Katholieke Encyclopaedie

Uitgeverij Joost van den Vondel (1933-1939)

Gepubliceerd op 04-11-2019

Vakwerk

betekenis & definitie

1° (techn.) naam voor een draagconstructie, bijv. een brugligger, een kapspant, een hijschkraanarm, enz., waarbij, ter beperking van gewicht en materiaal, niet één zware balk wordt toegepast, doch deze wordt opgelost in een samenstel van meerdere staven, die aan hun uiteinden in zgn. „knooppunten” aan elkaar verbonden worden en een aantal min of meer gelijkvormige vakken vormen. In wezen is een v. niets anders dan een hooge balk, waarvan slechts de onderste en bovenste vezels, die resp. de treken drukspanningen opnemen, gebruikt worden en het tusschenliggende balkgedeelte wordt vervangen door een aantal verticale en schuine staven (de „verticalen” en „diagonalen”); deze staven hebben slechts ten doel de getrokken en gedrukte staven (onderrand en bovenrand) op afstand te houden en de dwarskrachten op te nemen.

In de staven van een v. treden slechts trek- en drukspanningen en geen buigspanningen op.

Naar den vorm van de randstaven onderscheidt men „parallelliggers” met evenwijdige onderen bovenrandstaven, paraboolliggers met een parabolisch gebogen bovenrand e.a.; naar den stand der verticalen en diagonalen onderscheidt men N-liggers, M-liggers, K-liggers e.a.

Bij lange vakwerkstaven voert men deze weer als een afzonderlijk v. uit en spreekt dan van „samengesteld v.”. De meeste v. zijn „platte v.” met alle knooppunten in één plat vlak; worden meerdere platte v. met elkaar in verband gebracht, dan heeft men een „ruimtevakwerk” (torens, radiomasten e.d.). Het aangewezen materiaal voor v. is vloeistaal. Houten v. komen echter ook voor; de knooppunten zijn dan gecompliceerd en door de vele ijzeren verbindingsbeugels met bouten verzwakt. Betonnen v. worden slechts weinig toegepast wegens de kostbare bekistingen en de ongeschiktheid van beton (ook gewapend) om zuivere trekspanningen op te nemen.

P. Bongaerts.
2° (Bouwk.) Vakwerkbouw is een constructiewijze, waarbij de wanden van een gebouw worden samengesteld uit een geraamte van houten s t ij l e n (verticaal), regels (horizontaal) en schoren (diagonaalsgewijze), welke alle in één vlak zijn gelegen. De overblijvende vakken worden gewoonlijk opgevuld met metselwerk en soms (bijv. voor boerenschuren) met vlechtwerken van takken, waarover leem wordt gestreken. Deze vullingen worden gewoonlijk gepleisterd en met (soms eenigszins gekleurde) kalk bestreken, de houtconstructie dikwijls in een andere kleur afgewerkt, hetgeen een levendig effect geeft.

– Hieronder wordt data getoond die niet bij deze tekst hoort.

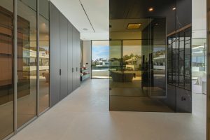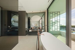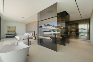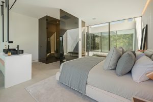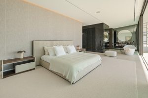 El nivel superior está dedicado a las suites de dormitorio. La suite principal se extiende a lo largo de la fachada con acristalamiento orientado al mar, acceso a una terraza privada y un baño escultórico con bañera exenta y vestidor integrado. Dos suites adicionales para invitados siguen el mismo lenguaje de diseño sobrio de piedra clara, líneas limpias y ventanales orientados al jardín.

Het constructiesysteem maakt het mogelijk, elke verdieping (op de doorstekende vloerbalken) iets naar voren te bouwen, hetgeen ruimte-winst binnen geeft, den gevel en de straat tegen regen beschermt en bovendien een fraaie en krachtige aesthetische werking heeft.

De v. is van oudsher tot ontwikkeling gekomen in de houtrijke landen (voorzoover daar althans niet de blokbouw wordt toegepast: wanden van opgestapelde zware balken, als bijv. in Skandinavië en in de Alpenlanden). Goede voorbeelden geven Duitschland (met typische verschillen tusschen de Frankische, Saksische en Alemannische gebiedsdeelen), Frankrijk en Engeland. Ook in Ned/ en België komt v. hier en daar voor.

v. Embden.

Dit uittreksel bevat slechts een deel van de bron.